→ Records provided:
************

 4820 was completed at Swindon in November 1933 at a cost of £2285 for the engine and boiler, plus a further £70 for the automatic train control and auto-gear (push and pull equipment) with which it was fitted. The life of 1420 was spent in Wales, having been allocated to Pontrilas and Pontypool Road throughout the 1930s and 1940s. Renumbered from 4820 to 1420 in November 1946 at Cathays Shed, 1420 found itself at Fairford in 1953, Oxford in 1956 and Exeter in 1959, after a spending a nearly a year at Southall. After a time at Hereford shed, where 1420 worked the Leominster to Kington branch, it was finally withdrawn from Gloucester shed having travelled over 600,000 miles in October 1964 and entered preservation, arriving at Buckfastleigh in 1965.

************

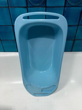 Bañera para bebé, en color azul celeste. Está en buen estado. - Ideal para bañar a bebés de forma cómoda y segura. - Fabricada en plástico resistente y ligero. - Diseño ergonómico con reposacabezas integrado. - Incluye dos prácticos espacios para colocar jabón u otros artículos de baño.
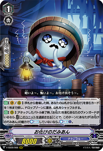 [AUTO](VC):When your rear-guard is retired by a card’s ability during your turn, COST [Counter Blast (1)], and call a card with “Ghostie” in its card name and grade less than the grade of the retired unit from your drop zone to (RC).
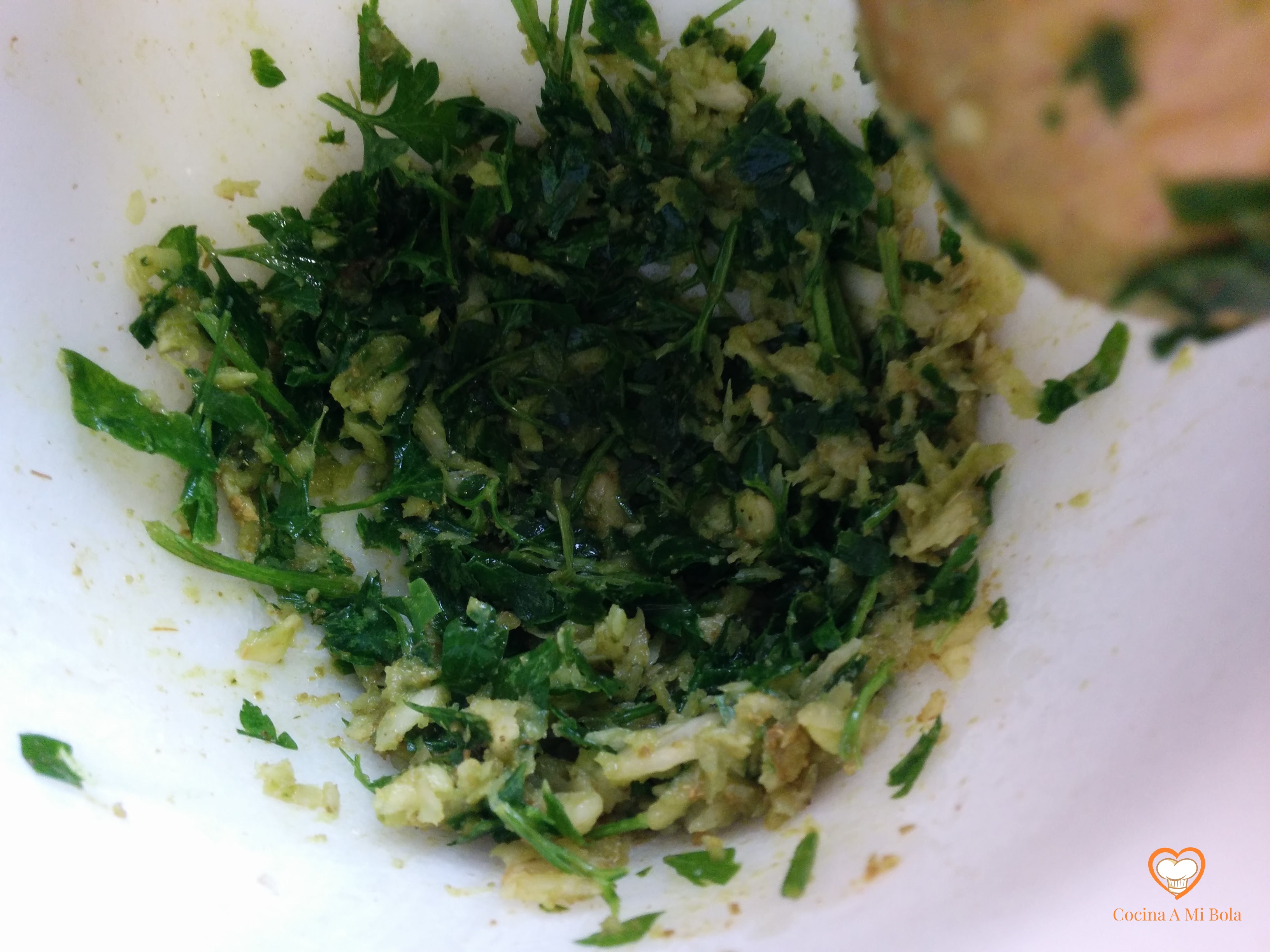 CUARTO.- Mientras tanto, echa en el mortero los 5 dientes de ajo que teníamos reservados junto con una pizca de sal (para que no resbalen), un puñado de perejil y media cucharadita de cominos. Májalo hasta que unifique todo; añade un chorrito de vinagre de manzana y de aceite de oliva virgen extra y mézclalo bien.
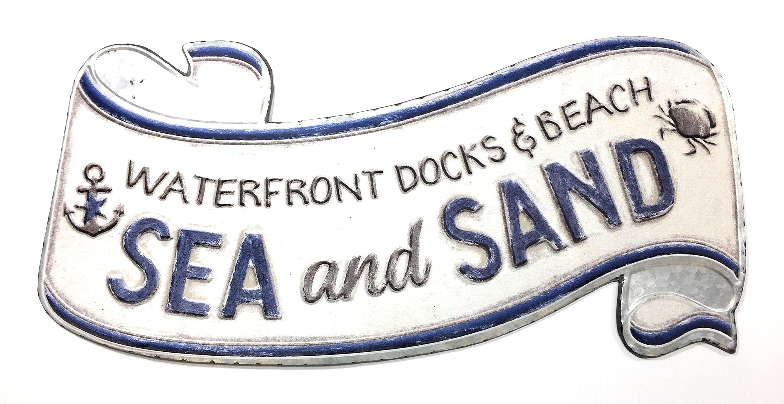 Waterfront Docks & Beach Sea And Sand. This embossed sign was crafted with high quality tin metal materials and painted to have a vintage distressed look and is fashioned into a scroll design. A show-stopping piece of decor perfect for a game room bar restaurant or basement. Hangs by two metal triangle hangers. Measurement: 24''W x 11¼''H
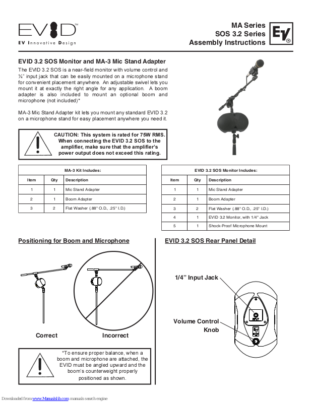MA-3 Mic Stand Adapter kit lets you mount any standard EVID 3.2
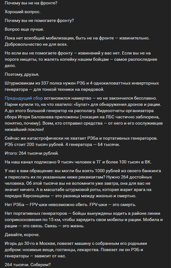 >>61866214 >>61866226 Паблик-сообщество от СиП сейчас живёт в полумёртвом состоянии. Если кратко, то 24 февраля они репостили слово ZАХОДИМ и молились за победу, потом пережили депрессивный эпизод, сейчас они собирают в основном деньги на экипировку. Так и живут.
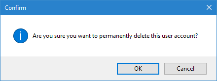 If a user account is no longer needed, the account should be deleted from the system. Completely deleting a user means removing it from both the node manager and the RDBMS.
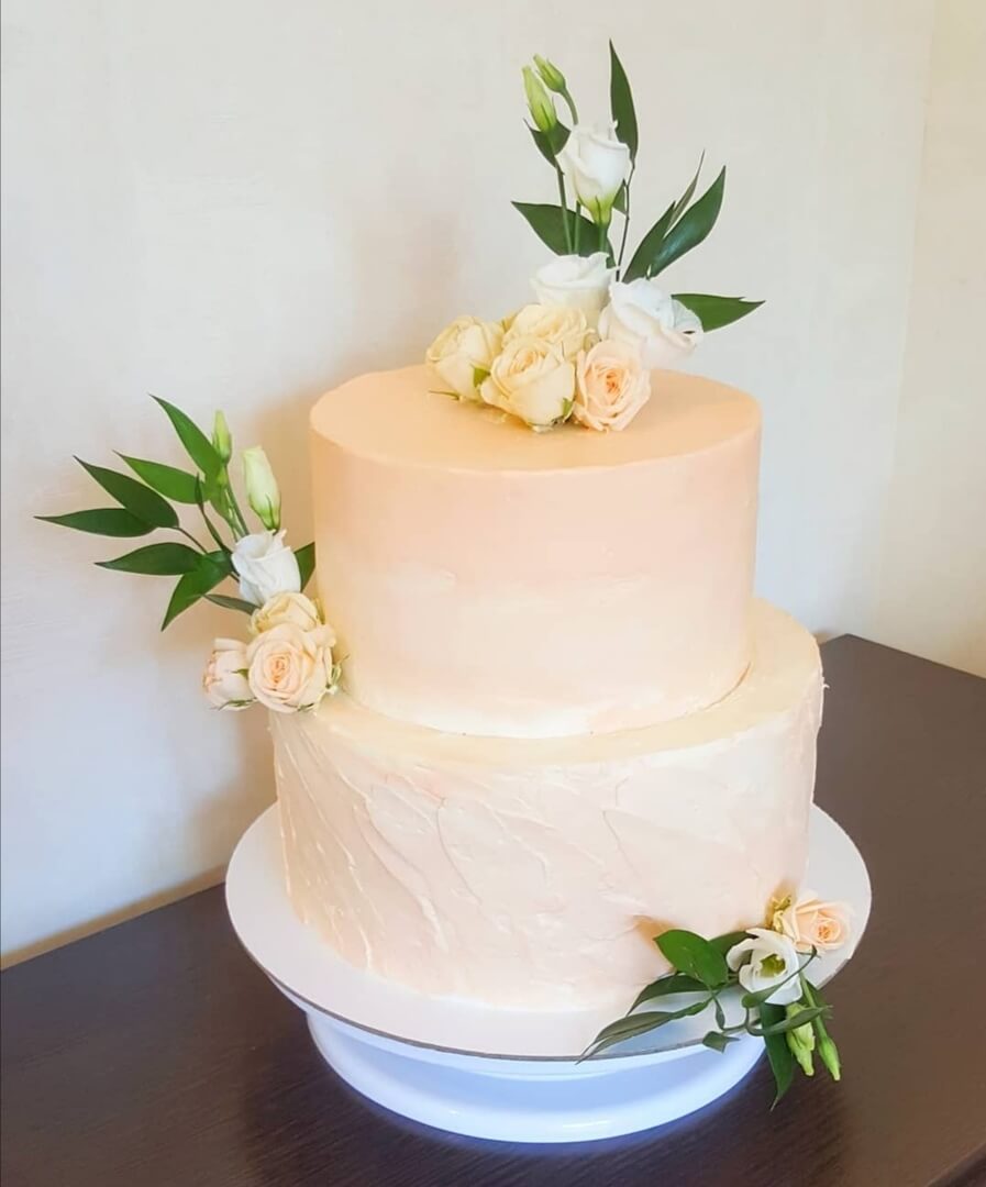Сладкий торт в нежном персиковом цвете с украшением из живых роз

************

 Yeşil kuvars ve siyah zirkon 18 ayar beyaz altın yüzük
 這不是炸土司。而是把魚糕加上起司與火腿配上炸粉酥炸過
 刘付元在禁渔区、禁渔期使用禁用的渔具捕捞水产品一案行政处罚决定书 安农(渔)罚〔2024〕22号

************

→ Your goal: Set down exactly the lines above, from the line containing "MA-3 Mic Stand" through the line containing "Сладкий торт в". Skip the pictures.

→ Output of the task:
MA-3 Mic Stand Adapter kit lets you mount any standard EVID 3.2
 >>61866214 >>61866226 Паблик-сообщество от СиП сейчас живёт в полумёртвом состоянии. Если кратко, то 24 февраля они репостили слово ZАХОДИМ и молились за победу, потом пережили депрессивный эпизод, сейчас они собирают в основном деньги на экипировку. Так и живут.
 If a user account is no longer needed, the account should be deleted from the system. Completely deleting a user means removing it from both the node manager and the RDBMS.
Сладкий торт в нежном персиковом цвете с украшением из живых роз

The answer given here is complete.